- [Task to carry out] Nothing is needed except the lines below that run from the one with "Stylish rhinestone décor" through the one with "ソフトクリームのオブジェクト", repeated exactly.

Information given Start Marker

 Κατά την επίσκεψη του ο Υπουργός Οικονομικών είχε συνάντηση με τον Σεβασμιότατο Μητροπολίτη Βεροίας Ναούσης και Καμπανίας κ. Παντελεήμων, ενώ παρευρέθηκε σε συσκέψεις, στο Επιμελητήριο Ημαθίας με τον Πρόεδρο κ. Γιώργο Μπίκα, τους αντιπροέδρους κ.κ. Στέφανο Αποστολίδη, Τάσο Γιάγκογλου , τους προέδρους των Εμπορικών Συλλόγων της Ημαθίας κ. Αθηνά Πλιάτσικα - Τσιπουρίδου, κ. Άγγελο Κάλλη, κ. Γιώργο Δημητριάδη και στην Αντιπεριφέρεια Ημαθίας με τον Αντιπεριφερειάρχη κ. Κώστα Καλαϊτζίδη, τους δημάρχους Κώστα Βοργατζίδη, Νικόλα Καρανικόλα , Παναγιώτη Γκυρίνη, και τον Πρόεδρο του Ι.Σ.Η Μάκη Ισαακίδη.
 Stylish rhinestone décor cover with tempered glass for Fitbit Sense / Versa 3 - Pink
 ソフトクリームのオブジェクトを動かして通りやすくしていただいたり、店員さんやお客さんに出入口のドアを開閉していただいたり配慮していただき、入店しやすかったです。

Information given End Marker
Information given Start Marker

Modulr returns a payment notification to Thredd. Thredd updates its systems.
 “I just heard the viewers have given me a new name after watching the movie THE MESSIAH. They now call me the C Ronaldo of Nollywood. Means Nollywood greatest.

Information given End Marker

- [Result of the task]
 Stylish rhinestone décor cover with tempered glass for Fitbit Sense / Versa 3 - Pink
 ソフトクリームのオブジェクトを動かして通りやすくしていただいたり、店員さんやお客さんに出入口のドアを開閉していただいたり配慮していただき、入店しやすかったです。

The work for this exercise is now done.